1992年のデビュー以来、30 年にわたって日本のオペラ界を牽引し続けてきた福井敬。つねにプリモ・ウォーモという立場ゆえに、さぞかしご苦労もおありではと、恐れながら問うてみる。

「僕の日常には歌という喜びしかないんです。ただ歌と音楽のことだけを考えて、目の前にあること一つひとつに真剣に取り組んできました。それで、あっという間に30 年が経ってしまいましたね」

意外なほどシンプルで自然体。スターたる所以なのだろう。

4月に『サムソンとデリラ』のサムソン役(※)、9月は『フィデリオ』のフロレスタン役で東京二期会の舞台に登場する。

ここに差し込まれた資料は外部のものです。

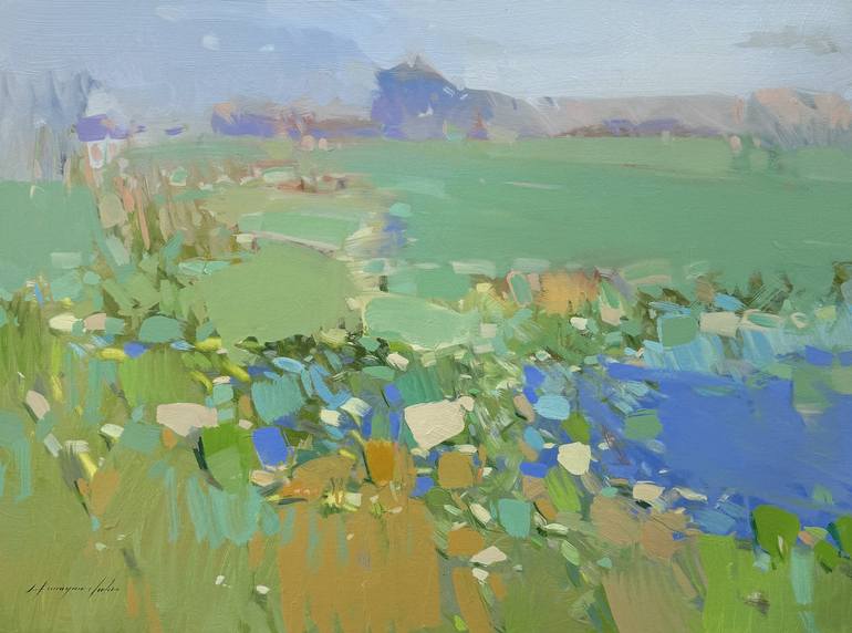 Artist: Vahe Yeremyan Work: Original Oil Painting, Handmade Artwork, One of a Kind Medium: Oil on Canvas Year: 2023 Style: Impressionism, Subject: Pond, Size: 23.5" x 32" x 0.8'' inch, (60x81x2 cm), Unframed, Stretched on Wooden Bar, Gallery Wrapped, Ready to Hang. Yeremyan is an American A...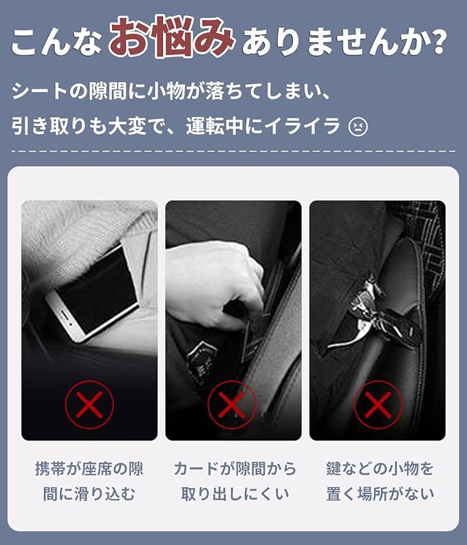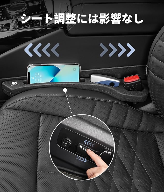 【両面取付可能・落下防止や小物収納】正面で取り付ければ、収納スペースがあるため、小物がシートの隙間に落ちるのを防ぐことができます。そして、スマホやキーなどの小物も保管できます。背面で取り付ければ、小物が落下防止することだけでなく、大きい専用ロゴをはっきりと見ることで、車内の雰囲気が高級感で溢れます!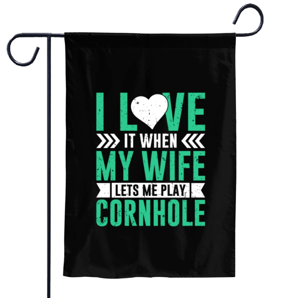 Shop for impressive I love it when my wife lets me play cornhole Garden Flags or see more Garden Flags products right now on Printblur to enjoy your happiness!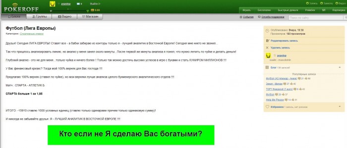 Могилу вырыли их АДМИНЫ...и это не мое личное мнение...а мнение многих других пользователей...не буду указывать этих людей, потому что это будет не корректно... Даже Шамиль перестал там постить (в радио-эфире он обьяснил почему)...посты конечно не совсем про покер, но они были на высоте однозначно по сравнению с другими...а после Шамиля там тишина и покой.... а он перестал там писать очень давно...и ничего не изменилось с тех времен....он в открытую кто заявил Попову, но как же САМ БОГ мог признать что он не прав и конечно же стоял на своем...в итоге остался один ГОСУХУМАН (король фриролов и штормов).....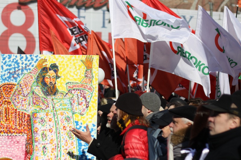 13:24 На территории митинга появилась колонна православных хоругвеносцев, передает корреспондент Каспаров.Ru. Они с деревянными крестами и непонятно за кого.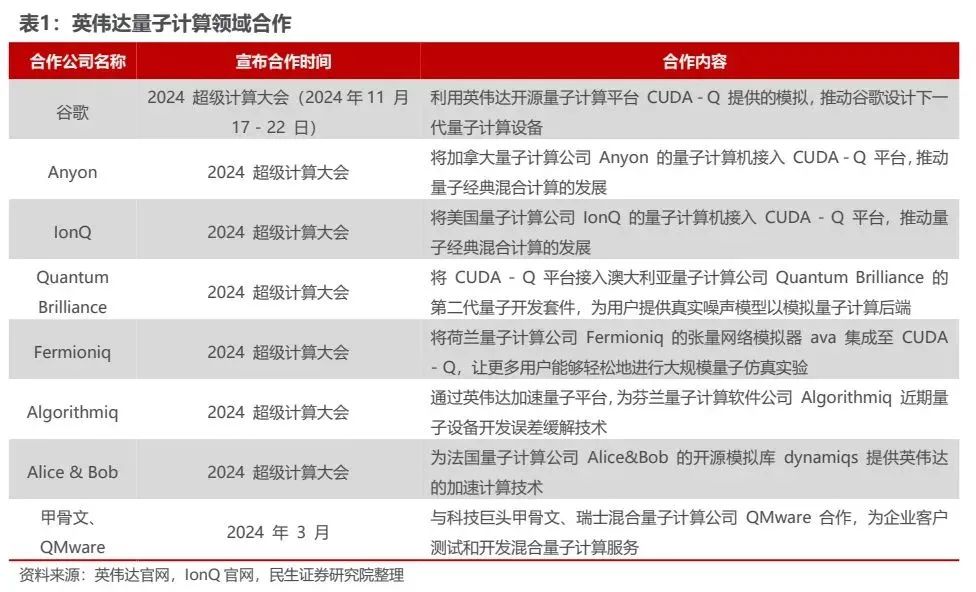 一年之前的2024年3月,英伟达宣布基于开源CUDA-Q量子计算平台推出量子云;到2024年11月,英伟达宣布与多家量子计算公司达成合作,引发了美国量子计算概念股暴涨,多支股票翻倍上涨。
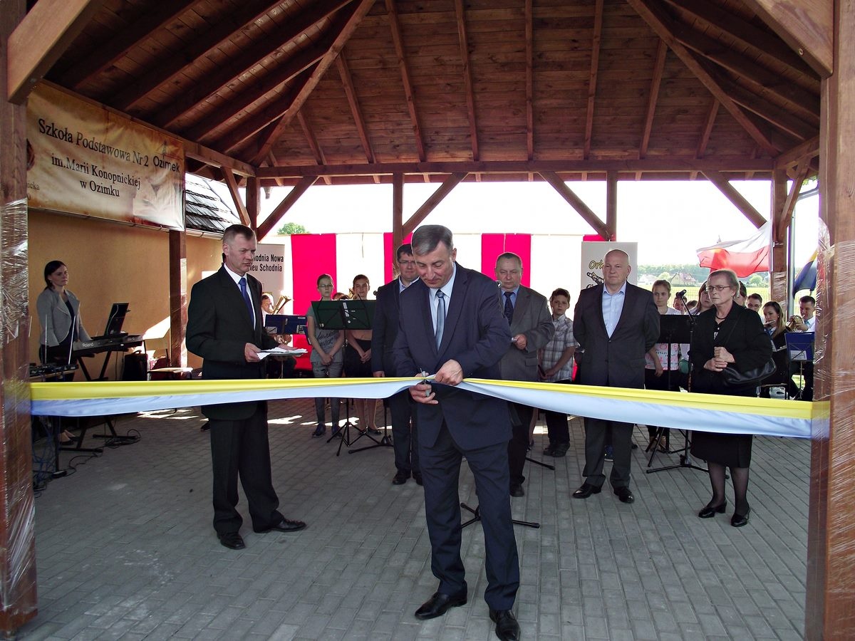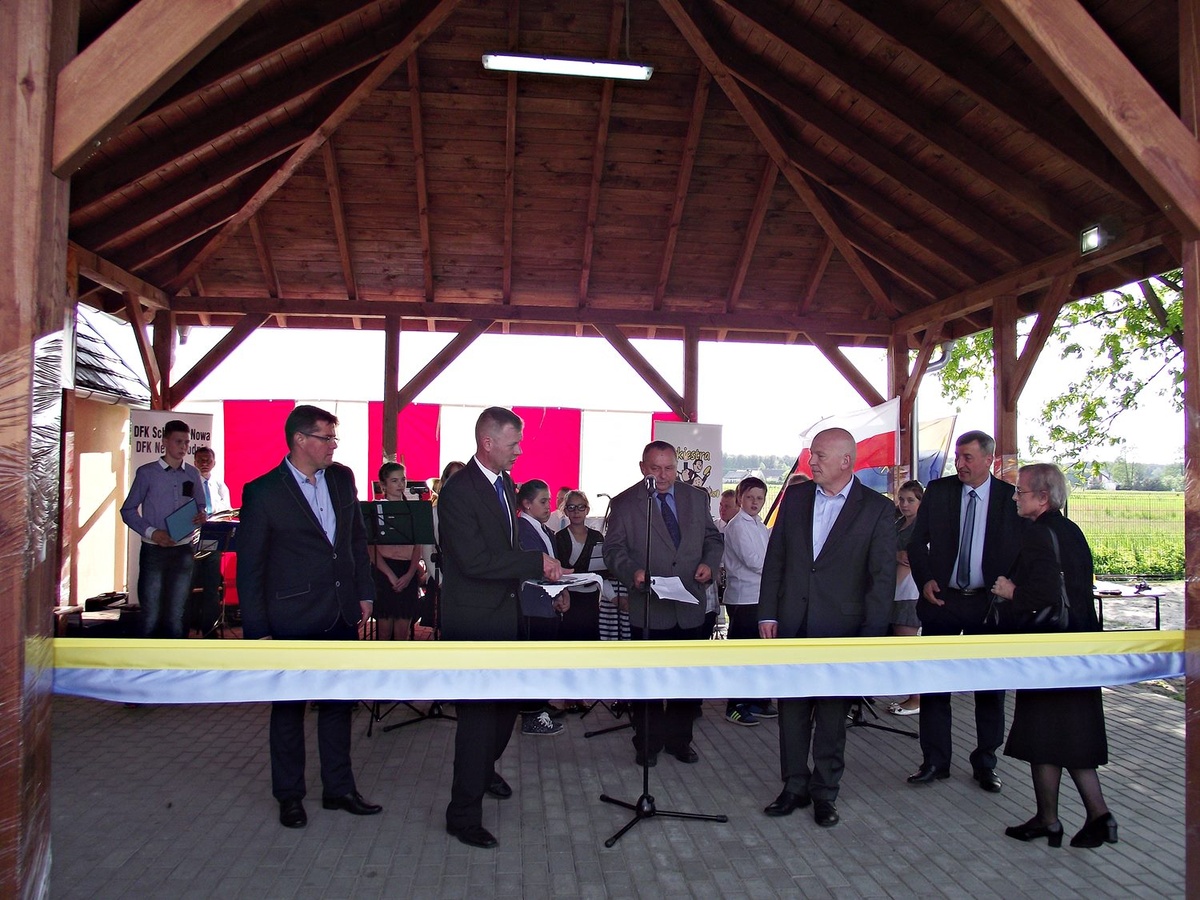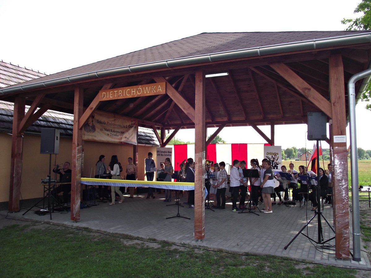 Całość rozpoczęła się uroczystą Mszą Świętą w intencji żywych i zmarłych członków i działaczy DFK Nowa Schodnia oraz wieloletniego społecznika Horsta Dietricha, inicjatora powstania miejsca spotkań. Następnie przy dźwiękach orkiestry dętej goście i uczestnicy przemaszerowali na boisko szkolne, gdzie miał miejsce ciąg dalszy festynu. Gospodarz miejsca Dyrektor SP Nr 2 Ozimku, pan Wiesław Miś rozpoczął uroczystości, witając przybyłych gości, po czym przedstawił sylwetkę i działalność pana Horsta Dietricha. Po przemówieniu ksiądz proboszcz poświęcił wiatę a pani Maria Dietrich wraz z byłym i obecnym Burmistrzem Ozimka oraz Przewodniczącym Rady Miejskiej przecięli wstęgę, oddając jednocześnie to miejsce do dyspozycji mieszkańcom Nowej Schodni.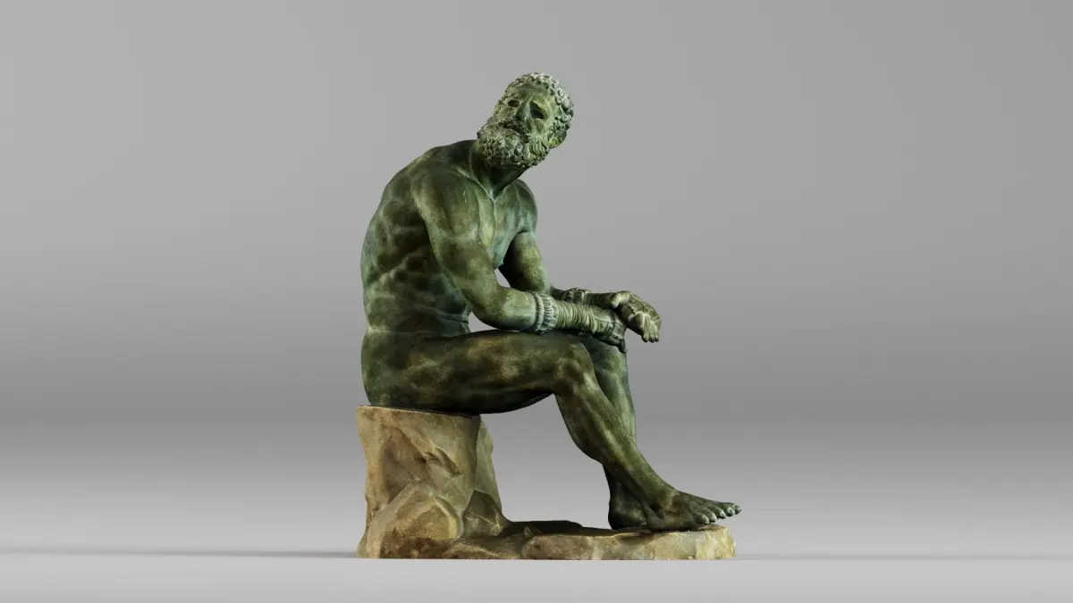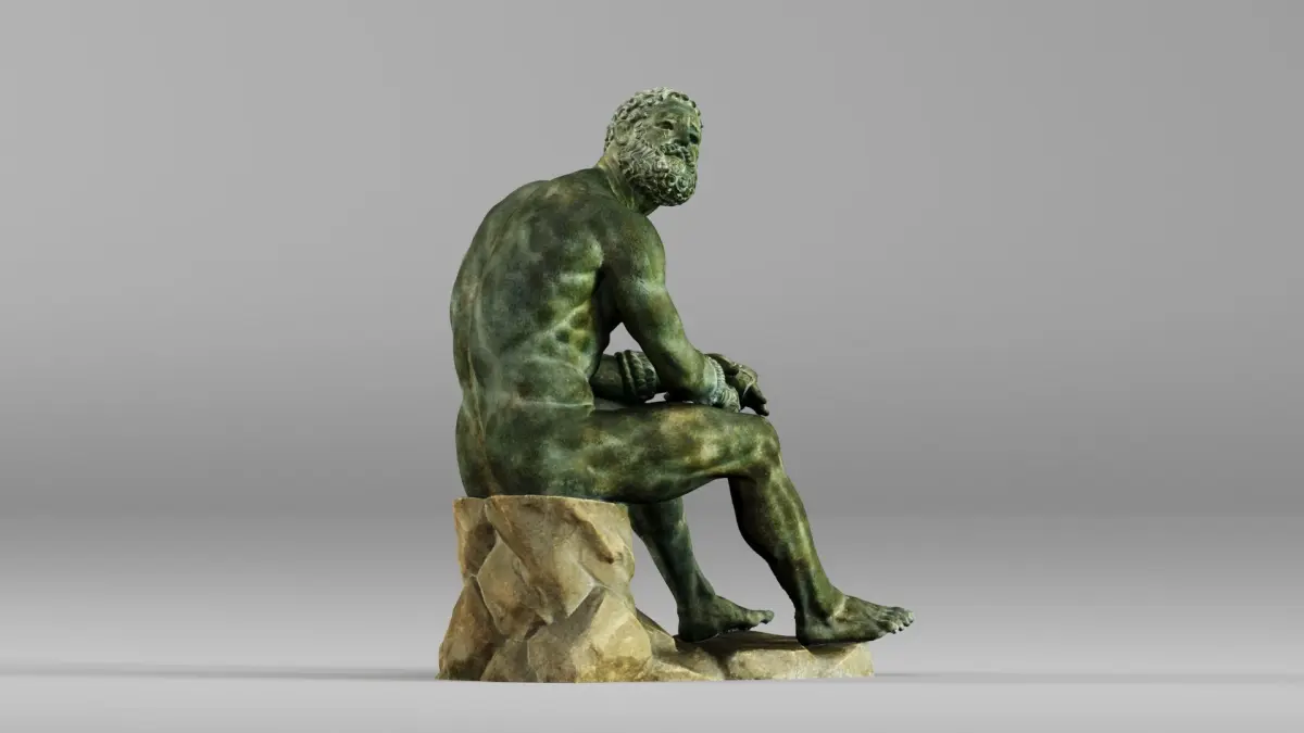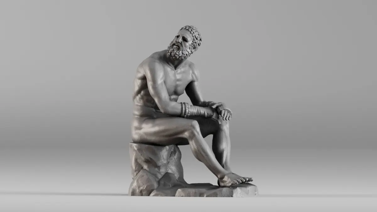 This 3D scanned model represents a seated ancient boxer, also known as the Boxer at Rest, with detailed musculature, realistic proportions, and expressive posture. Capturing the weariness and strength of a classical Greek athlete, the model is ideal for museum-quality visualizations, educational reconstructions, games, and creative or professional projects requiring realistic human characters. The scanned details preserve the essence of the bronze surface, hand-wrapped leather gloves, and classical physique.

『サムソン』では、最も得意とする一途で情熱的な男の一面を歌い上げたいという。

「サムソンは男の中の男や超人というイメージがありますが、実は愛する女性にすべてを捧げるロマンティックな人間なんです。デリラのあの有名なアリアの最後部で、サムソンが“ Je t'aime(愛しているよ)"と恍惚として囁くのですが、あれこそが彼の真の姿なんですよ」

一方で、「この作品は旧約聖書の時代の物語ですが、僕には現代の中東の情勢や世界の混沌とした姿がオーバーラップしてくるんです。怒り、争い、裏切りというような、いつの時代も人間の感情が必然的に生みだしてしまう負の事柄や、そんな中にも生まれる一途な愛というような普遍的なものが、楽譜という紙一枚に描かれた音楽によって、時空間を超えて見事によみがえる。まさにオペラの醍醐味がそこにあります。今回はセミ・ステージ形式ですから、オーケストラが生みだすスペクタクルな音の世界と共にじっくり味わって頂けると思います」とも。

『フィデリオ』では、ベートーヴェンが謳い上げる理性と正義の勝利、そして、その喜びを、客席の一人ひとりが、それぞれに心の中で感じ取ってもらえたらという。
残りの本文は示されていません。